#### [Task details]
All pictures are to be omitted while the lines starting at the line with "梅:蔷薇科、李属木本植物。小" and ending at the line with "Привет) А кто" in the material below are retyped exactly, both ends included.
• • •
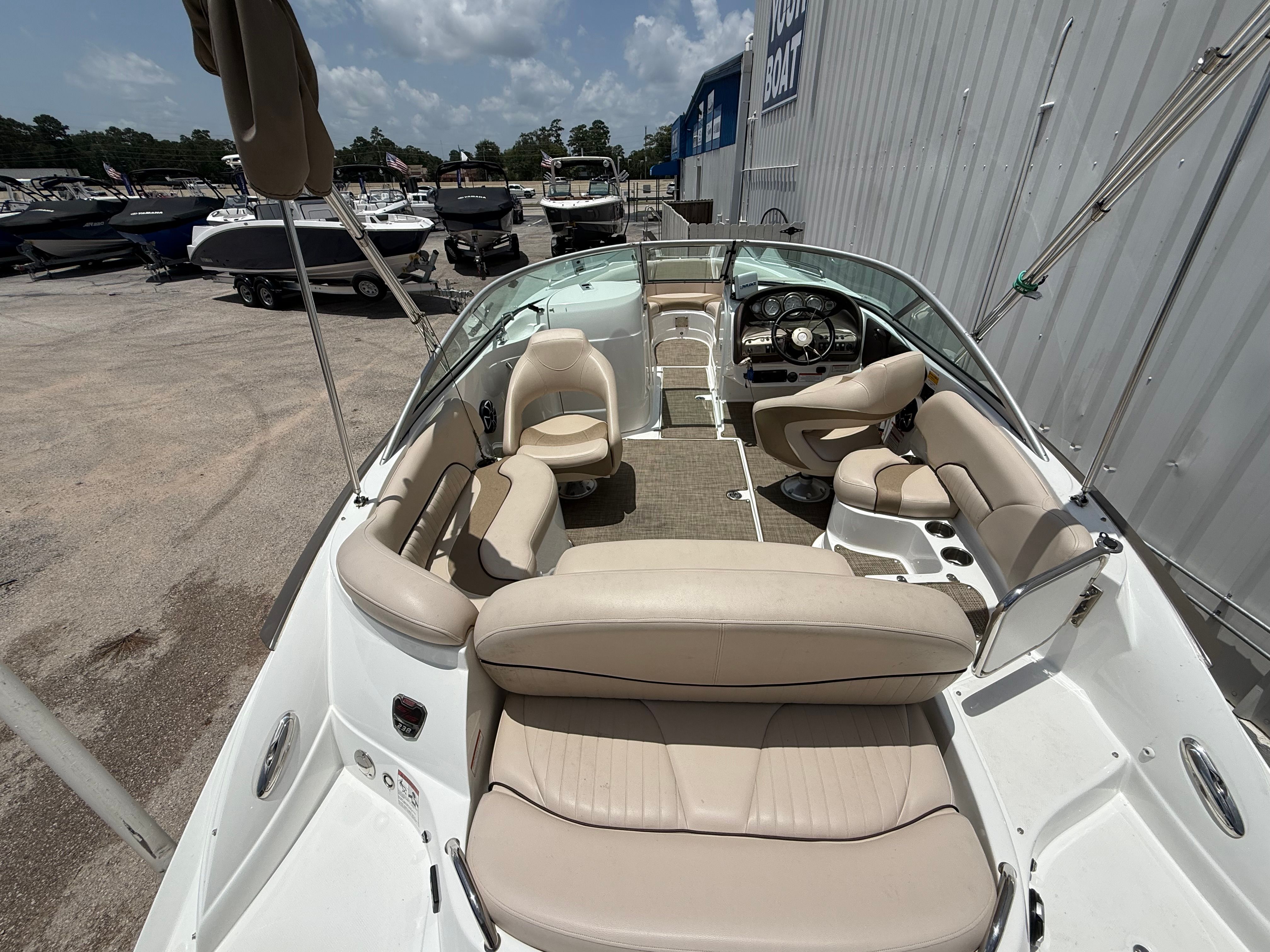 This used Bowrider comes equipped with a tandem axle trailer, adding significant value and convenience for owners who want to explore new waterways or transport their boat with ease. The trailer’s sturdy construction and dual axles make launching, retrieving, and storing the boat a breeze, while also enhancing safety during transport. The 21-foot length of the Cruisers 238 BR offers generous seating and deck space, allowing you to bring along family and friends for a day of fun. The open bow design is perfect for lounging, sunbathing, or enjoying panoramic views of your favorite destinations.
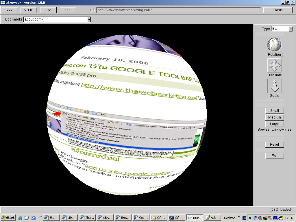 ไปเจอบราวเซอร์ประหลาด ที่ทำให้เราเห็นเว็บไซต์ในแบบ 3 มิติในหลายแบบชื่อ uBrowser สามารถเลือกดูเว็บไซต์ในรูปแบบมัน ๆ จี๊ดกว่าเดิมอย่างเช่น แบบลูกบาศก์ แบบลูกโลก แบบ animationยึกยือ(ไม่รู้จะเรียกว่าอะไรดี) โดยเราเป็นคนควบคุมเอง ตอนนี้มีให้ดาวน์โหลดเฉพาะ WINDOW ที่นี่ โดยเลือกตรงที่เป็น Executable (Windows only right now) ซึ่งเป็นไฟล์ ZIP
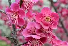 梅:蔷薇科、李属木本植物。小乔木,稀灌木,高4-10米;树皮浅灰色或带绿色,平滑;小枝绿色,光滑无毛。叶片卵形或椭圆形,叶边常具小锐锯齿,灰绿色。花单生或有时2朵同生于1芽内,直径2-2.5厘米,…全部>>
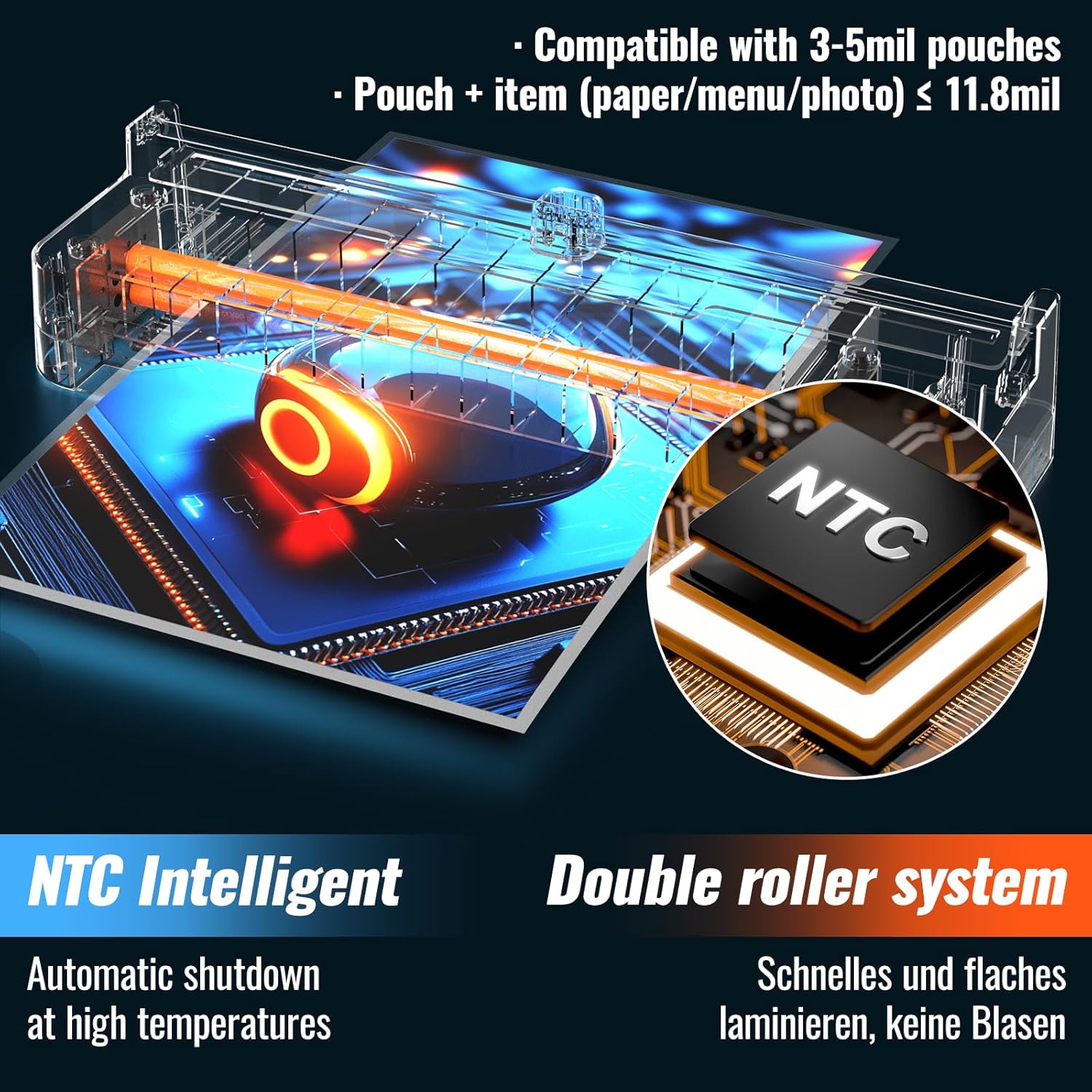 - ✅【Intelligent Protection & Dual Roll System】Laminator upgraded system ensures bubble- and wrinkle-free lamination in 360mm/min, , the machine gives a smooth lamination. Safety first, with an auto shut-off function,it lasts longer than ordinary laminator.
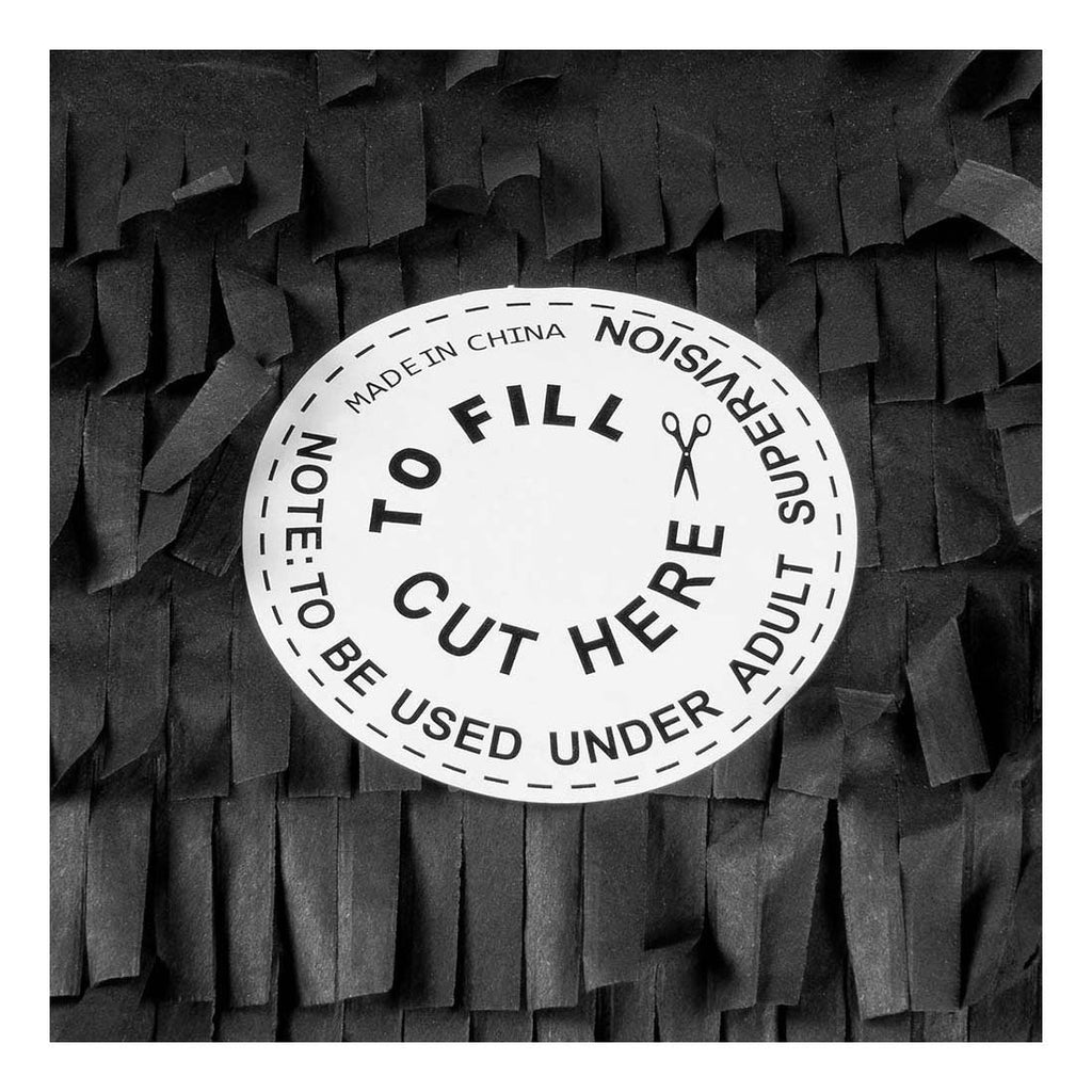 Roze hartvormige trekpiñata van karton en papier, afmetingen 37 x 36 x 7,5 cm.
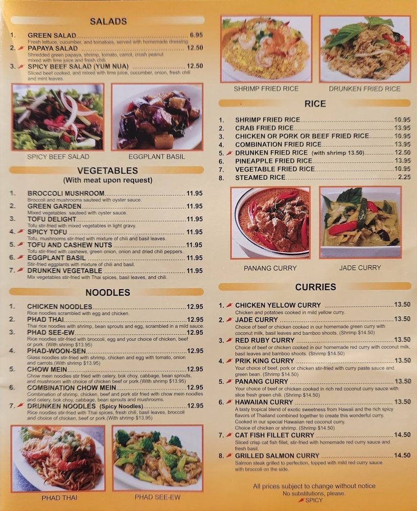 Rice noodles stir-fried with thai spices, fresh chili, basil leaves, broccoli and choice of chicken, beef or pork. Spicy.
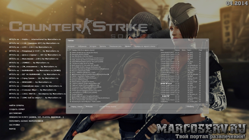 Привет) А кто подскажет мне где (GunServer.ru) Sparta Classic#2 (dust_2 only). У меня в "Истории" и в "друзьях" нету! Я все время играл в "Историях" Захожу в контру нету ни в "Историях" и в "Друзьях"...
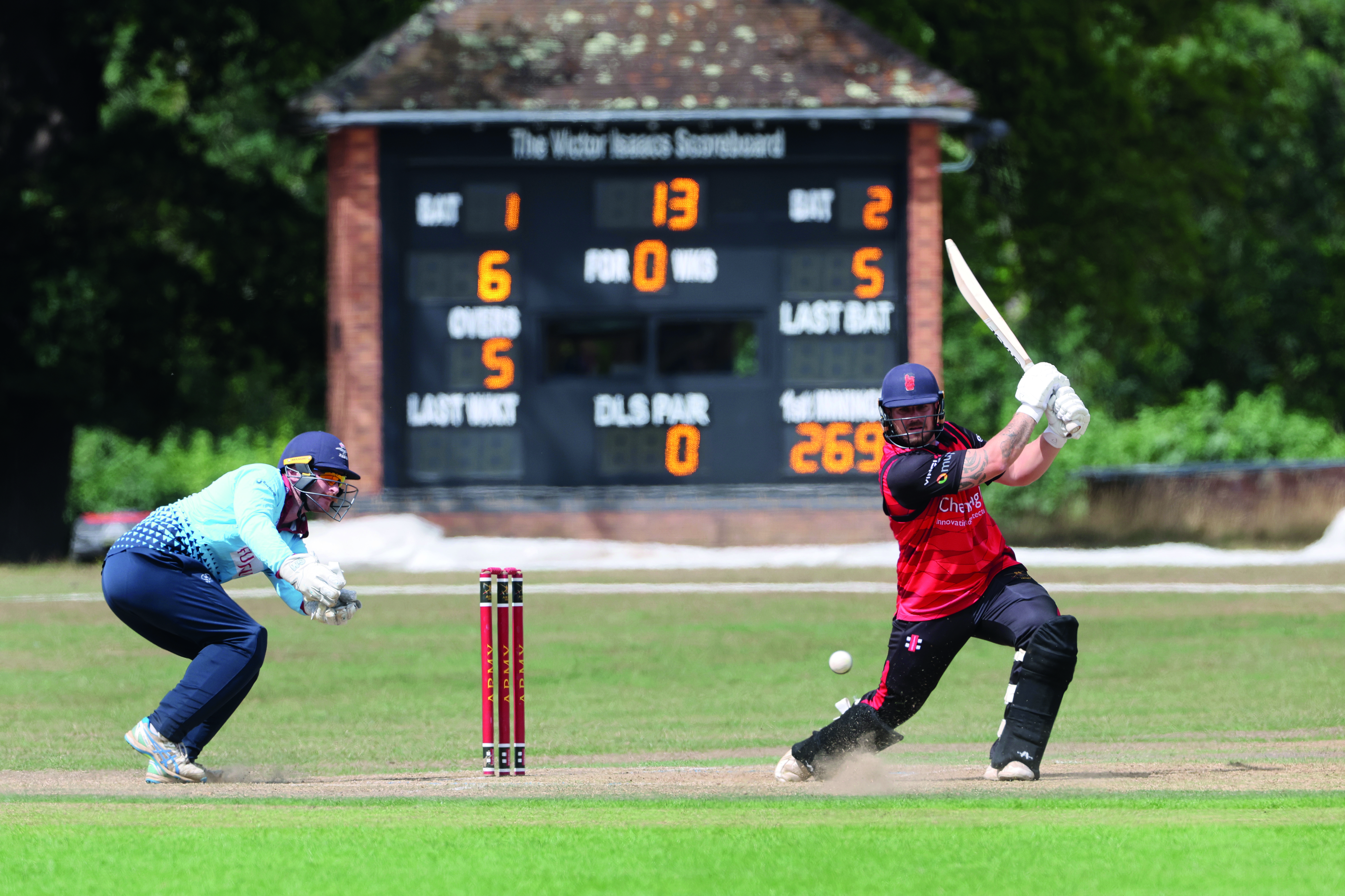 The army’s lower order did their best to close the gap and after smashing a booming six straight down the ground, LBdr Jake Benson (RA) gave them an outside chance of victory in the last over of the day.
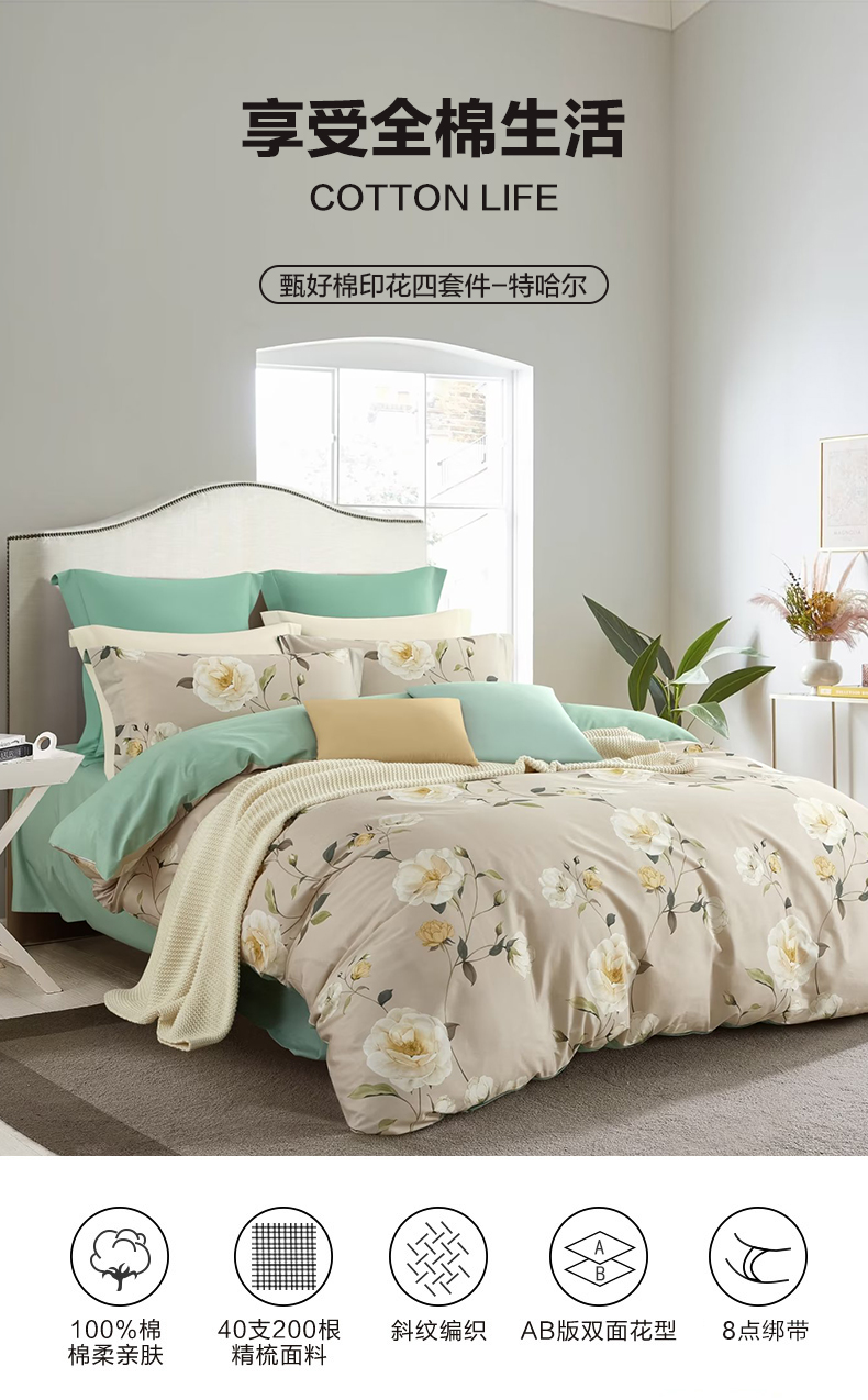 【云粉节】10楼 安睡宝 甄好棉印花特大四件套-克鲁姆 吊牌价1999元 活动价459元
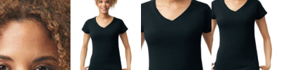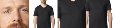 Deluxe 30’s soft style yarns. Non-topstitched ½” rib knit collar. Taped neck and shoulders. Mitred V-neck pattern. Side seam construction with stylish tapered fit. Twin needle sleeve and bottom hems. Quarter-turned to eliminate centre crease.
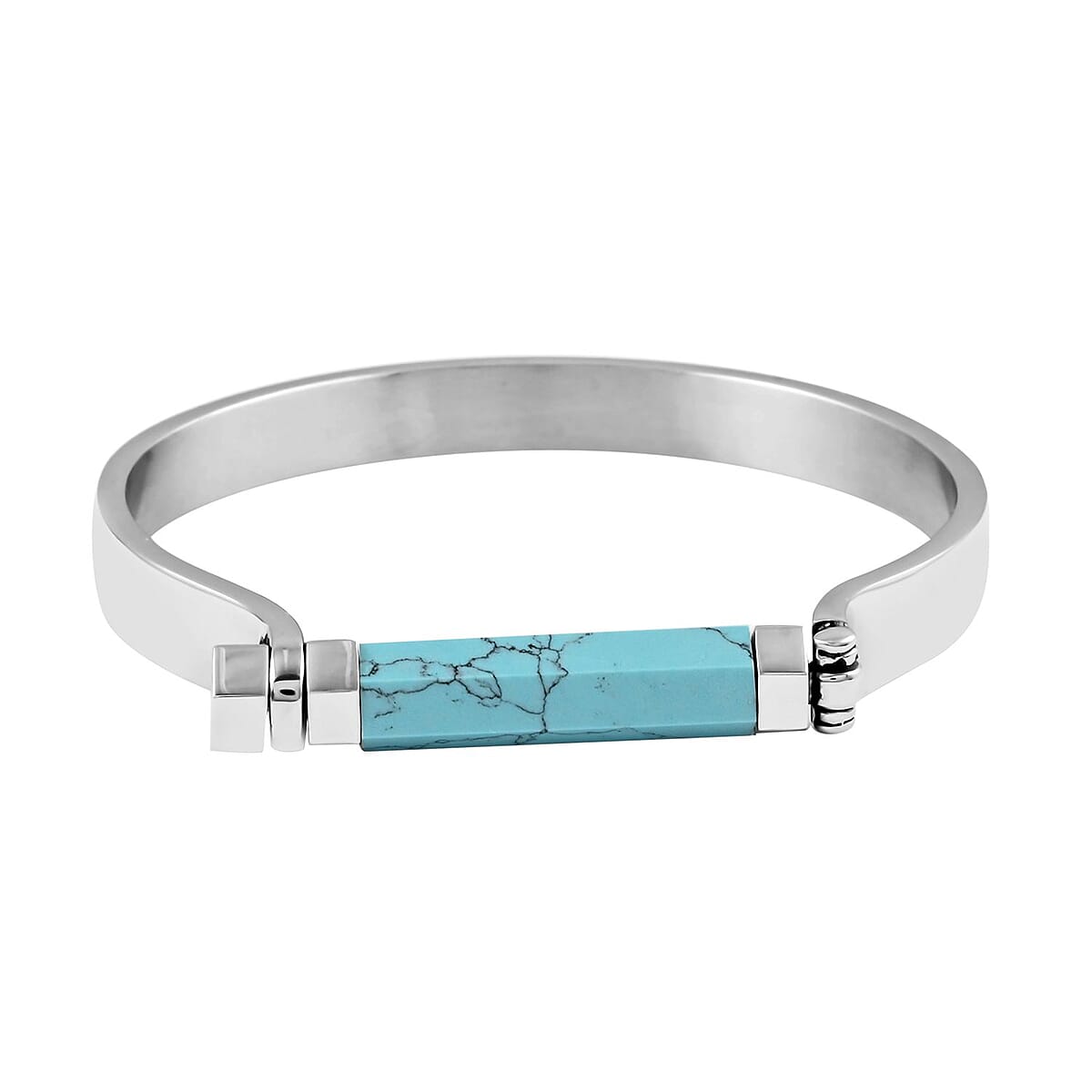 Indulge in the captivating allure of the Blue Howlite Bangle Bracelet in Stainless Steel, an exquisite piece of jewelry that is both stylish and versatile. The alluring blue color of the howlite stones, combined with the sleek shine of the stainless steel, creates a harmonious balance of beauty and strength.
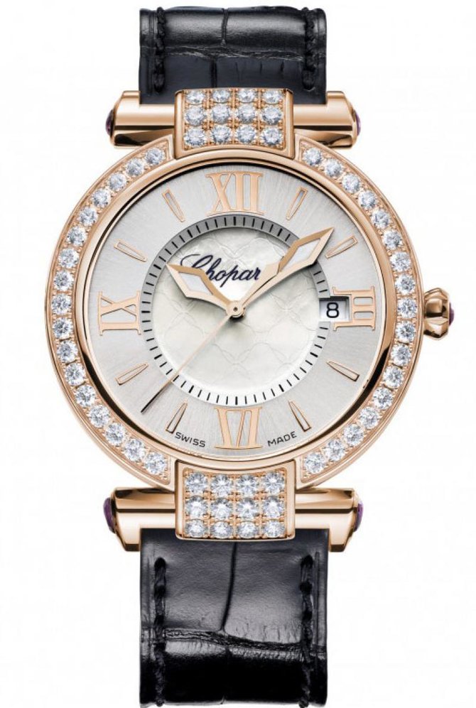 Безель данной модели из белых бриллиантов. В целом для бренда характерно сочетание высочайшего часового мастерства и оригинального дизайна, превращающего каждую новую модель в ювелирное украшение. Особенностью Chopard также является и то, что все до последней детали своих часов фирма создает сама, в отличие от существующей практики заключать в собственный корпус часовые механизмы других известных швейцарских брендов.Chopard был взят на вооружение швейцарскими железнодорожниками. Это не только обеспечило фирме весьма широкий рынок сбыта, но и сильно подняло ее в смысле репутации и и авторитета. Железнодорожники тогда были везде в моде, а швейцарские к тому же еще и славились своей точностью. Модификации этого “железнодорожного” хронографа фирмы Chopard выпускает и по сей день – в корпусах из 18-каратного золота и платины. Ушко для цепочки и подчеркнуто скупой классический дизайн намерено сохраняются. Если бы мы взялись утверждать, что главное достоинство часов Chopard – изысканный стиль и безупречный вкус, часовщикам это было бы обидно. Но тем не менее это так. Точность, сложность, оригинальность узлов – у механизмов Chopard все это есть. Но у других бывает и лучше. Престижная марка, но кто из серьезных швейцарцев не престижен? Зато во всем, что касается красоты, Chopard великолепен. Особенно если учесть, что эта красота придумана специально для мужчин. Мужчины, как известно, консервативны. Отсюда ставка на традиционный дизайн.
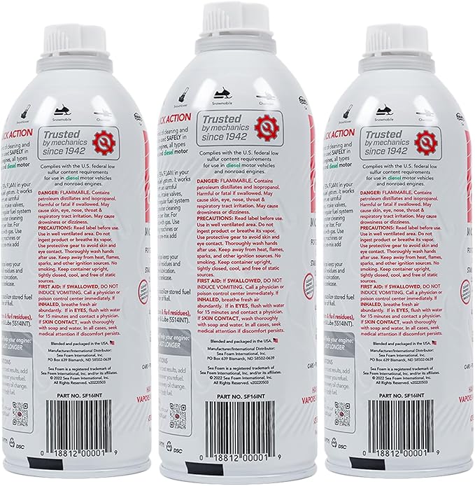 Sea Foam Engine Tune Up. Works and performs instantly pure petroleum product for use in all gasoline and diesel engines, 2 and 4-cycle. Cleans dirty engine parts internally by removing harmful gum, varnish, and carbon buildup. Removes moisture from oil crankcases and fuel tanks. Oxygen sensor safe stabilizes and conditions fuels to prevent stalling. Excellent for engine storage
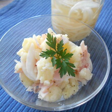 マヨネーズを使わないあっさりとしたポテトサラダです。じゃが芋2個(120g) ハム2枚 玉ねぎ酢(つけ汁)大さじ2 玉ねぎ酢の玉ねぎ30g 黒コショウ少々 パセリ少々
• • •
#### [Task result]
 梅:蔷薇科、李属木本植物。小乔木,稀灌木,高4-10米;树皮浅灰色或带绿色,平滑;小枝绿色,光滑无毛。叶片卵形或椭圆形,叶边常具小锐锯齿,灰绿色。花单生或有时2朵同生于1芽内,直径2-2.5厘米,…全部>>
 - ✅【Intelligent Protection & Dual Roll System】Laminator upgraded system ensures bubble- and wrinkle-free lamination in 360mm/min, , the machine gives a smooth lamination. Safety first, with an auto shut-off function,it lasts longer than ordinary laminator.
 Roze hartvormige trekpiñata van karton en papier, afmetingen 37 x 36 x 7,5 cm.
 Rice noodles stir-fried with thai spices, fresh chili, basil leaves, broccoli and choice of chicken, beef or pork. Spicy.
 Привет) А кто подскажет мне где (GunServer.ru) Sparta Classic#2 (dust_2 only). У меня в "Истории" и в "друзьях" нету! Я все время играл в "Историях" Захожу в контру нету ни в "Историях" и в "Друзьях"...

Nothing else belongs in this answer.